Unopened cans of tuna are virtually safe from foodborne illness forever. As such, “Sell-by” dates, “Best if used by” dates, “Use by” dates, and “Closed or coded” dates are in reference to food quality, not food safety. The recommended shelf life for canned tuna is 2–5 years, as long as the can is in good condition. Damaged or swollen cans of tuna could indicate that the contents are no longer safe to consume. Cans of tuna should also never be frozen or stored in environments exceeding 90 degrees Fahrenheit, as this could compromise the seals. Cans should also be washed before opening to prevent bacteria on the exterior of the can from contaminating the food. Canned tuna that has been opened should not be eaten if left out at room temperature for over two hours (or just one hour if the ambient temperature is over 90 degrees Fahrenheit). Opened tuna is only safe in refrigeration for 3–5 days.

ii. Mercury and Recommended Servings

Methylmercury is an organic compound that can build up in an organism over time through ingestion or absorption. Most bodies of water contain mercury due to atmospheric deposition from industrial pollution, such as burning of coal or mining, and as a result of natural processes such as volcanic eruptions and forest fires. Mercury reacts with organic matter in the water and creates the compound methylmercury. Bodies of water that contain the most mercury are typically found near wetlands, forests, or mining sites.

All fish contain mercury, but the levels in each fish vary with species, size, and age. Older and larger fish tend to contain more mercury. Older fish have had more years to internally accumulate a significant amount of mercury due to their environments; this is referred to as bioaccumulation. Because larger fish often eat smaller fish, mercury levels increase in fish that are higher up the food chain, a process known as biomagnification. Of the two species of tuna used in canning (albacore and skipjack), albacore contains more mercury because the fish are larger in size; therefore, white meat canned tuna has a higher mercury content than light meat canned tuna.

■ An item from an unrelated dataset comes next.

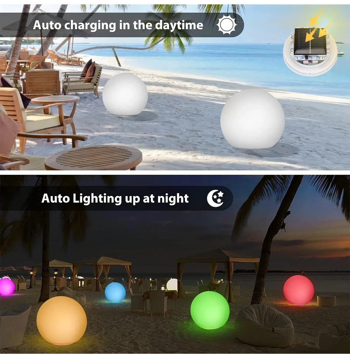 Solar Rechargeable LED Ball Light Color Changing Solar Globe Lamp IP67 Waterproof Outdoor Garden Light for Bar Yard Patio Path

However, both albacore and skipjack tuna are considered to be low mercury seafood compared with other predatory fish, such as shark and king mackerel. The species that are typically used in sushi and sashimi (bigeye, bluefin, and yellowfin) have higher levels of mercury due to their large size.

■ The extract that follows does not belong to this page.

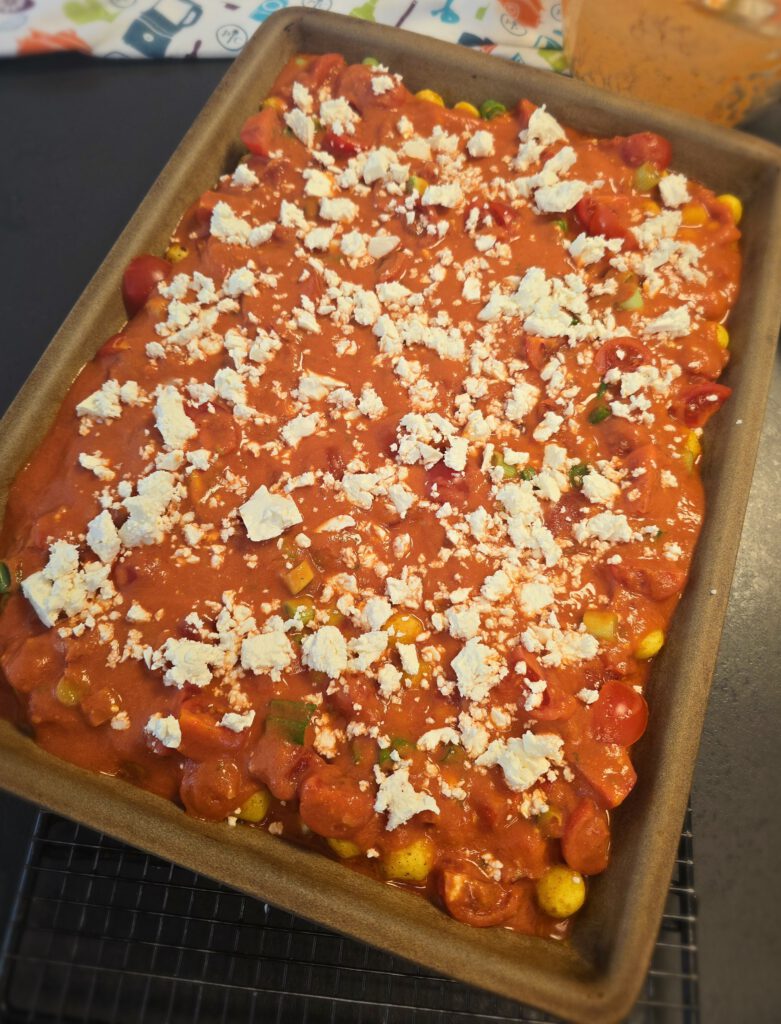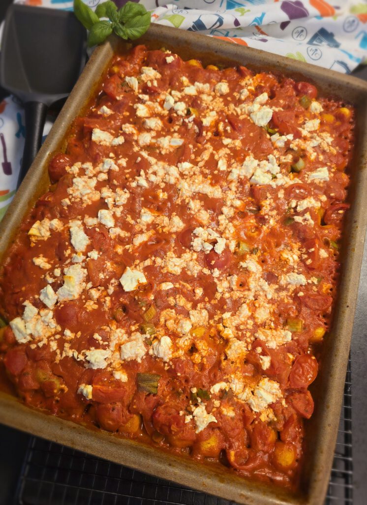 - Frühlingszwiebeln und Tomaten über den Gnocchis verteilen150 gr. Feta leicht

As with predatory fish, mercury can build up in humans who regularly consume fish with high levels of mercury. Methylmercury exposure in humans can impact a variety of functions including cognition, memory, fine motor skills, and visual skills. Pregnant women are cautioned to heed recommendations for canned tuna consumption, as the effects of mercury can more severely impact birth outcomes and young children; exposure to methylmercury during critical fetal development periods can result in poor neurological development and hearing problems. However, canned tuna is also a source of some of the most important nutrients during pregnancy, including protein and omega-3 fatty acids. To balance these concerns, the amount of white meat canned tuna consumed should not exceed 1 serving per week (about one average meal), and for light meat canned tuna the recommended amount is 2–3 servings per week.

Consumption

Global canned tuna consumption is increasing. It is a reasonably priced source of protein that is convenient to store and requires no refrigeration. The world’s top consumers of canned tuna are the European Union, the United States, and Japan. Its popularity is spreading now to many Latin American and Middle Eastern countries, while consumption is plateauing or decreasing in the United States and Europe, in part due to increased demand for fresh tuna. Canned tuna is one of the most commonly consumed seafood products in the United States, with the average person eating around 14 pounds per year. The type of canned tuna most frequently eaten in the United States is chunky light meat in water, which makes up about 75–80% of U.S. canned tuna consumption per year. One in four Americans eat canned tuna at least once per week, and studies have indicated that large households consume more canned tuna than average-sized households. Canned tuna is more popular in the summer than at any other time of year. Over half of the tuna eaten in the U.S. is in sandwich form, about 22% in salads, and 15.5% in casseroles.

Tuna salad sandwich

Nutrition

Canned tuna is a good source of protein, omega-3 fatty acids, vitamin D, and selenium. Protein is a necessary building block of all tissues in the body. Omega-3 fatty acids are “essential” because the body does not produce them, meaning they must be consumed through food. These polyunsaturated fatty acids are important for healthy brain development and function, reducing inflammation, and cardiovascular function. Vitamin D is both transported and stored in fat tissues. Vitamin D has various roles throughout the body, which includes helping maintain levels of phosphorus and calcium, which contributes to maintaining bone health and prevent osteomalacia, a weakening of skeletal and bone structures.. Selenium is an element present in very small amounts that plays an important role in thyroid and hormonal function, as well as prevention of harmful oxidative processes in the body.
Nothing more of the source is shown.